Can impressive effects and sweeping action make up for boring characters?
By Jessica Johnson|
There is no doubt that Terra Nova is an incredibly ambitious series. Filmed in Australia and requiring twice the post-production time of an average television show, this new drama has the feel of a big blockbuster film come to the small screen. All those visual effects and beautiful sets amount to little, however, in the face of a group of main characters that are hopelessly dull.
Set in the 22nd century, Terra Nova finds Earth an environmental wreck. Our first view of a city resembles the wrecked planet in WALL-E, except this one is still full of people who have to wear respirators when leaving their homes due to the pollutants in the atmosphere. The Earth's salvation seems to be a rip in time that leads 85 million years in the past. Pilgrimages have been sent through this tear to begin setting up a new life in this not yet sullied version of Earth, giving humanity a second chance.
We're introduced to this new world via the Shannon family, headed up by Chicago cop Jim (Jason O'Mara) and his wife Elizabeth (Shelley Conn), a doctor and their three children Josh (Landon Liboiron), Maddy (Naomi Scott) and Zoe (Alana Mansour). At the start of the episode, the Shannons encounter trouble when they're investigated for a violation of population control. Due to the ever increasing tax humanity is placing on resources, families are only allowed to children and they have three. This no-no lands Jim in jail for two years and when Elizabeth is offered a spot in the Tenth Pilgrimage to Terra Nova, she is told she will not be allowed to take their youngest daughter with them. Through some subterfuge, the entire family manages to make it through the time rip and, since it only goes one way, there not a whole to be done about it. Once there, though, they'll have to contend with dinosaurs, giant bugs and a mysterious splinter group that's begun their own colony outside of the Terra Nova compound.

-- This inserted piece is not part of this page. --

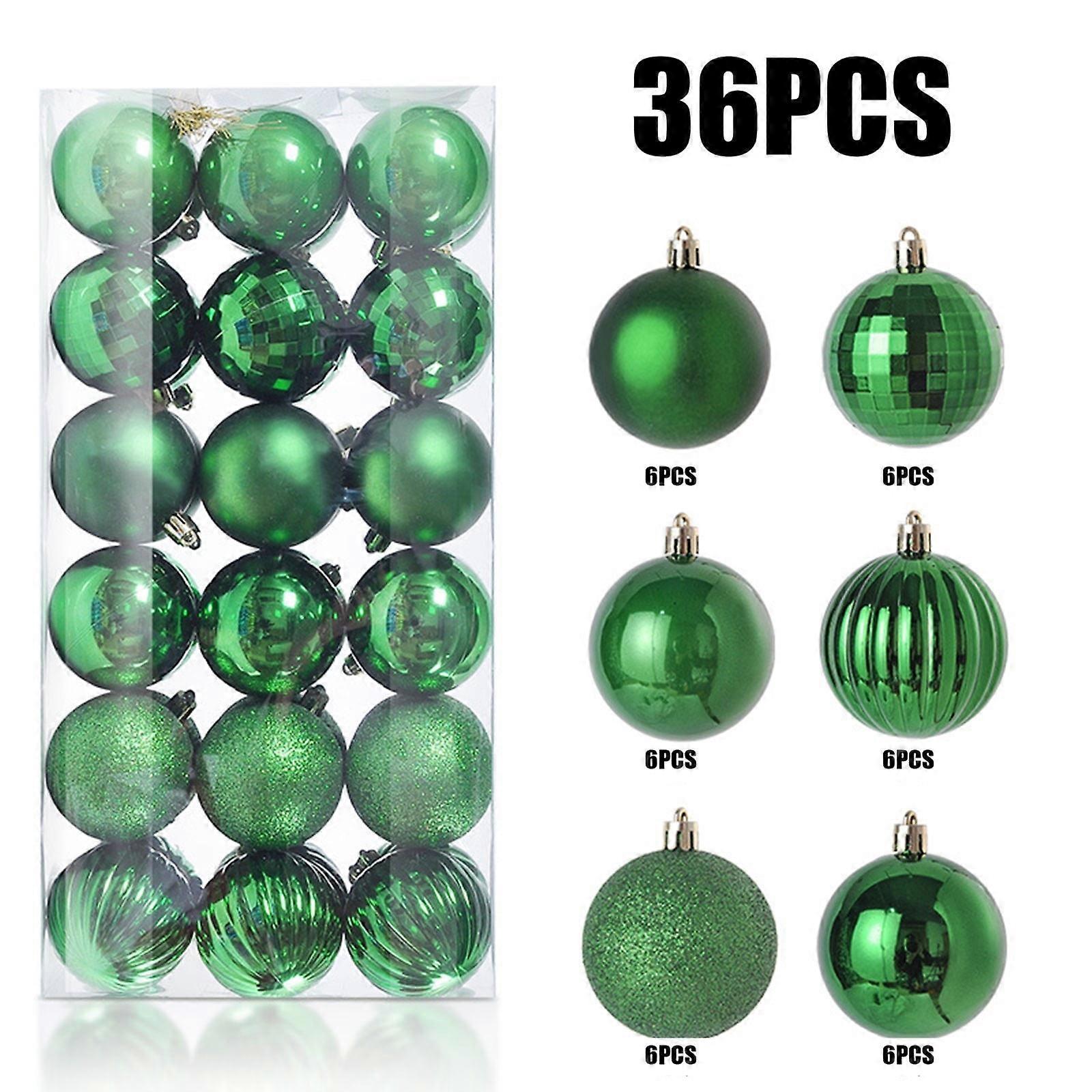 36PCS Christmas Tree Ornaments Set, Red Green White Shatterproof Colored Transparent Balls, Compatible with Christmas Decorations

While everything in Terra Nova looks absolutely beautiful, there's a lack of substance that cannot be ignored. The creators have been pushing this as a family drama but the Shannons are a horrendously boring set of main characters serving little beyond basic archetypes. Another major issue is that there is never any explanation given as to why Jim and Elizabeth broke the law and had a third child. When asked about it, they avoid responding and this creates a serious likability issue with them. In a world that's crumbling around them, when they already had two healthy children, why would they be so selfish and stupid to have another kid? The pilot hints very subtly at the possibility that there's a greater reason to Zoe's existence but the creators underestimate how this potential mystery comes at the expense of it's main characters' integrity. It's hard not to go through the two-hour premiere wishing that we were instead seeing this world from the perspective of Commander Nathaniel Taylor (Stephen Lang playing a slightly more cuddly version of his Avatar villain), who's far more interesting to watch. Another worrisome development is the introduction, in the second half of the pilot, of a series of Lost-esque mysteries in the jungle, involving the dissenting colony. Terra Nova is at its best when it's having fun staging action-filled dinosaur battles but it's unclear whether wading through the other laborious elements of the show to get to them is worthwhile.